There is, of course, absolutely no proof of any widespread voter fraud in Florida, a claim that looked even more suspect when Miami-Dade County election officials sent out more than 1,500 warning letters and found a grand total of 13 people that said they were not citizens. Out of that gargantuan number they found an even more stunning total of two persons who were not citizens when they cast votes in the 1996 and 2000 and 2004 elections. The underwhelming number of voter fraud cases found in Florida should come as no surprise. Other studies that have examined voter fraud in Ohio and Wisconsin in the 2002 and 2004 elections found only a handful of actual cases, out of more than nine million votes that were cast in the two states in both elections.
But the GOP's bogus war on voter fraud is not about insuring clean and fair elections, nabbing lawbreakers, or upholding constitutional precepts. It's about winning elections on the cheap. It can only do that by tipping the vote number balance toward having more likely GOP voters and fewer likely Democratic voters. It's hardly coincidence that the majority of those targeted for voter purges are black and Hispanic. And it's even less of coincidence that the bogus vote purge campaigns are zeroed in on the key battleground states of Florida, Ohio, Wisconsin, and Colorado and New Mexico where election officials are also mounting similar purge campaigns.
The GOP re-learned a lesson from the 2000, 2004, and 2008 presidential elections. And that was that numbers do count in close elections. And in the must-win states that determine who wins or loses the race to the White House, the smallest reduction in the number of Democratic voters can have a huge impact in determining the outcome of a close race. The numbers equation worked for the GOP in 2000 and 2004, and worked against it in 2008, when Ohio, Colorado Wisconsin, and Florida switched party hands to the Democrats and did much to put President Obama in the White House. The GOP, with a generous helping hand from the Supreme Court -- the court upheld Indiana's stringent photo ID requirement -- then swung its voter fraud campaign into high gear.
This includes making sure there is an absence of polling places in minority neighborhoods, ballot and vote machine irregularities, using lists of foreclosed homes to challenge voter's residences, rigid time lines for filing voter applications, the lack of information, misinformation or deliberate disinformation about voter registration forms and materials, and eliminating weekend voting, or sharply narrowing down the hours when polling places are open. Estimates put the number at more than 20 million possibly eligible voters that could be affected if the new requirements are fully enforced.

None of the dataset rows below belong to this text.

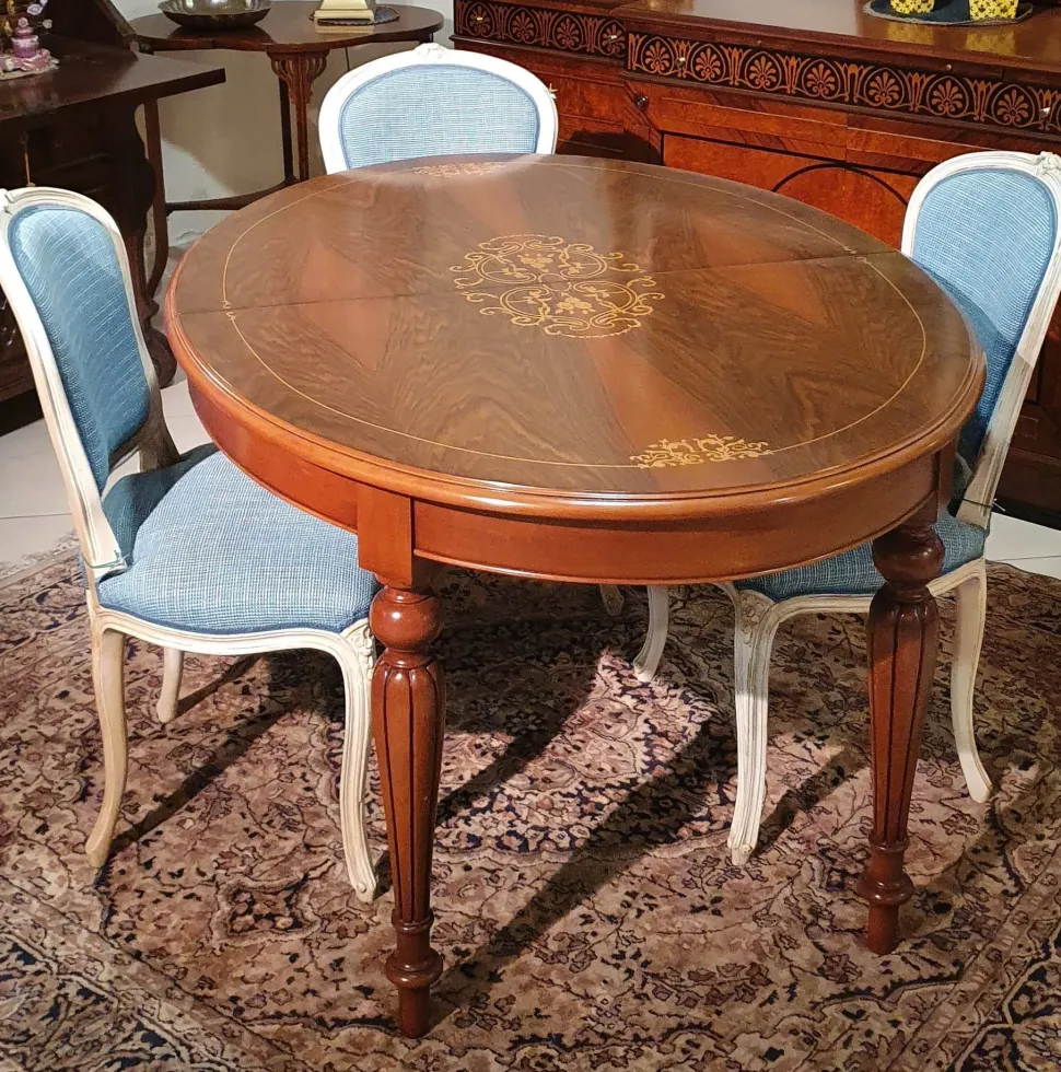 Prezioso tavolo artigianale in legno allungabile con gamba in massello tornita e piano con intarsio. Dimensioni 103 x 138 cm aperto 103 x 210 cm (2 allunghe). Tavolo nuovo realizzato in bottega brianzola in piuma di noce con 4 gambe tornite con lavorazione a bassorilievo. Le due allunghe, nascoste all’interno del tavolo, sono caratterizzate dalla stessa venatura del piano. Consegna esclusa da valutare a seconda del luogo di destinazione. Consegniamo in tutta Italia con trasportatore specializzato.
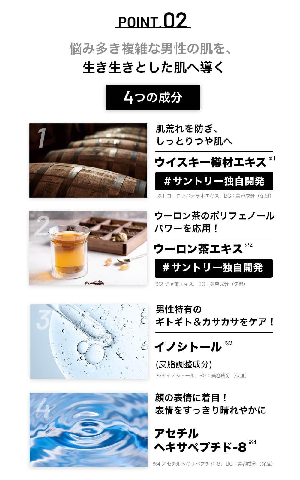 【おすすめする理由2:サントリーの独自開発を含む4つの成分を配合】肌荒れを防ぎ、しっとりつや肌へ導くウイスキー樽材エキス※1(サントリー独自開発)、男性特有のギトギト&カサカサをケアするイノシトール※2、肌にハリを与えるアセルヘキサペプチド-8※3、ウーロン茶のポリフェノールパワーを応用していきいきとフレッシュな印象へ導くウーロン茶エキス※4(サントリー独自開発)の4つのこだわりの成分を配合しました。※1 ヨーロッパナラ木エキス、BG:美容成分(保湿)※2 イノシトール、BG:美容成分(保湿)※3 アセチルヘキサペプチド-8、BG:美容成分(保湿)※4 チャ葉エキス、 BG:美容成分(保湿)
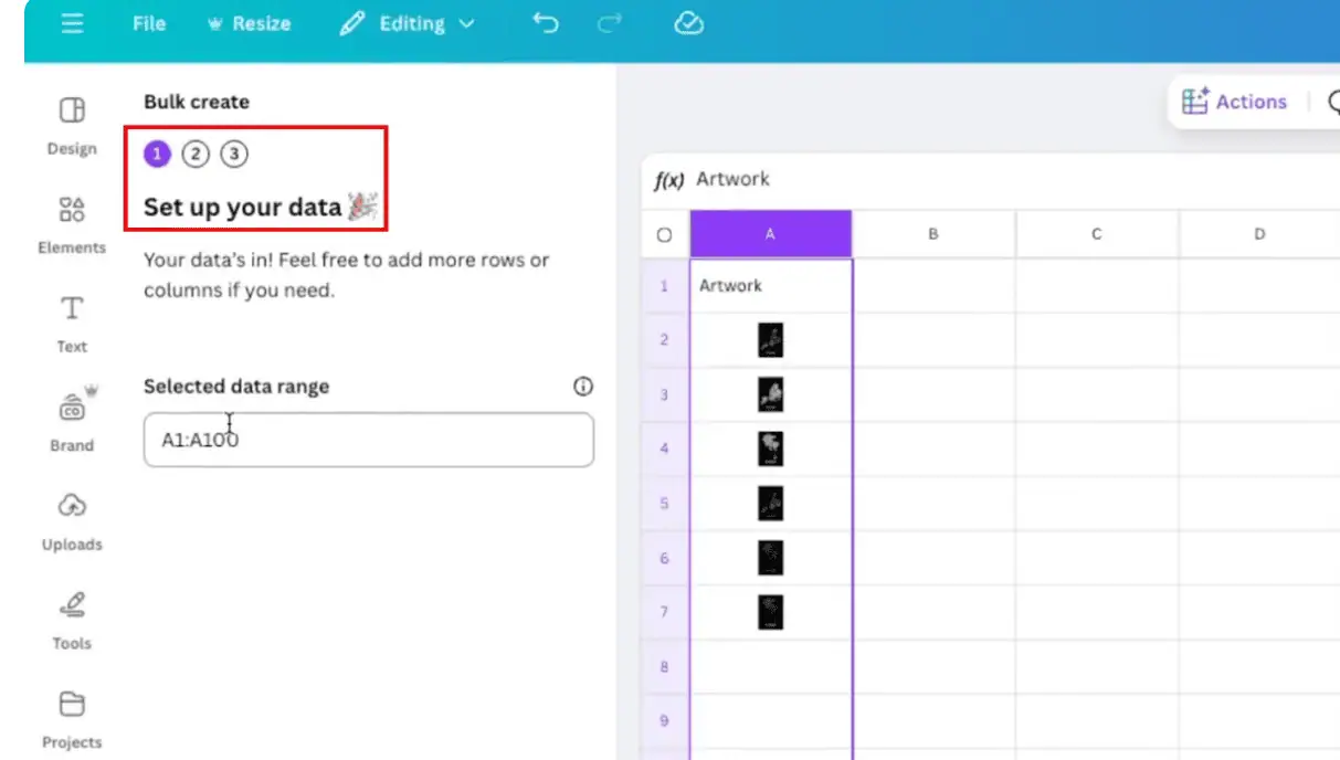 • Canva will auto-generate one new design set per row.
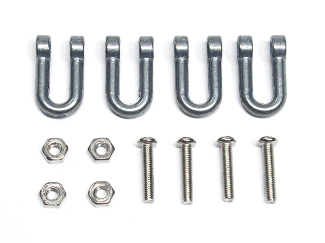 U字型フックと軸(ネジ式)とナット、それぞれ4個(1輌分)をセット。

Obama also got a huge election shot in the arm from students and other youthful voters in 2008. To counter that, a number of states now prohibit the use of student IDs as voter eligible proof. In Wisconsin, students now must have a new student ID with a two-year expiration date to be eligible. In Virginia, the Republican-controlled State Board of Elections proposed tightening rules that make it easier for election officials to disqualify absentee ballots for even the most trivial mistake such as a misspelling on a signature.
GOP officials have not totally scrapped the old tried and true methods of voter suppression. They include: district gerrymandering, tightening felon bans, skimping on the number of polling places and machines in mostly black and Latino neighborhoods, stationing police at the polls, and challenging citizenship papers where they can get away with it. There is even some GOP congressional talk about attempting to scrap the 1965 Voting Rights Act entirely or reduce it to a toothless measure long before its 25-year renewal expiration date in 2032.
The GOP's bogus war on alleged voter fraud has been a stunning PR success in that it has convinced legions of Americans that massive numbers of mostly blacks and Hispanics with the connivance of Democrats are knowingly breaking the law to vote against the GOP -- when in reality it's just the opposite. The Democrats have screamed foul at these thinly disguised suppression ploys, and have mounted court and Justice Department challenges. Once again the 2012 presidential election hangs in the balance in the fight against the GOP scheme.